According to the instructions ANNEX 13 of "Regulation (EU) No 680/2014 – ITS on supervisory reporting of institutions" Institutions shall calculate derivative assets and liabilities according to regulatory netting rules, not accounting rules, and report the amounts in both template 1.1. “Required funding” and template 1.2 “Stable funding” accordingly. 1.) Regarding unsecured master agreements (i.e. no collateral posted/received) for derivative transactions: in what time bucket should the amount after netting (according to regulatory netting rules) be recorded? 2.) Regarding secured master agreements (i.e. collateral posted/received and daily margining) for derivative transactions: in what time bucket should the amount after netting (according to regulatory netting rules) be recorded? 3.) Regarding cash collateral which is posted under a derivative master agreement: in what time bucket (column) and row (i.e. duration of encumbrance) should the cash collateral be recorded?
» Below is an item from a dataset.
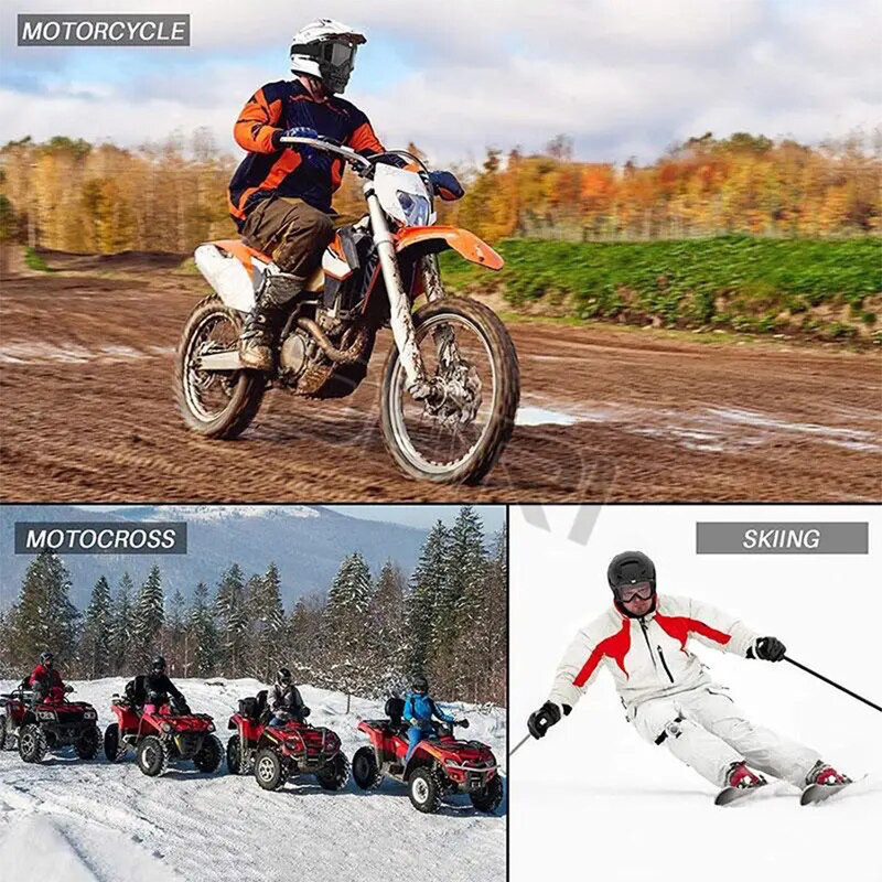 عینک goggles مناسب برای موتورسواری و اسکی و اسکیت میباشد و شیشه عینک به طوری است که با فیلتر کردن رنگ آبی از خستگی چشم در پیست اسکی و کوهستان های برفی جلوگیری میکند عینک goggles دارای ماسک فیلتر دار و با قابلیت دو تکه شدن هم استفاده به صورت عینک و هم استفاده به صورت عینک و فک مناسب برای تمام فصول و محیط میباشد کناره های داخل عینک ماسک از اسفنج نرم پوشیده شده که مانع از فشار به اطراف چشم میشود و می تواند همراه با کلاه کاسکت های موتورسیکلت بدون فک و بدون شیشه به راحتی استفاده شود

In accordance with Annex XIII, Part 5 of Regulation (EU) No 680/2014 (ITS Supervisory Reporting), an institution shall report net derivatives liabilities (i.e. payables) in row 240 of template C 60.00 of Annex XII to the ITS on Supervisory Reporting and net derivative assets (i.e. receivables) in row 1290 of template C 61.00 of Annex XII.
In accordance with Articles 427(2) and 428(2) of Regulation (EU) No 575/2013 as amended by Regulation (EU) 2019/876 (CRR2), institutions shall present the items in the prescribed maturity buckets, where applicable.
Given that no specific instructions are provided for the definition of maturity of net derivative receivables and payables, institutions shall conventionally report these items under column 010 (‘within three months’) in both templates.
For the reporting of collateral received and posted please see Q&A 2015_2499.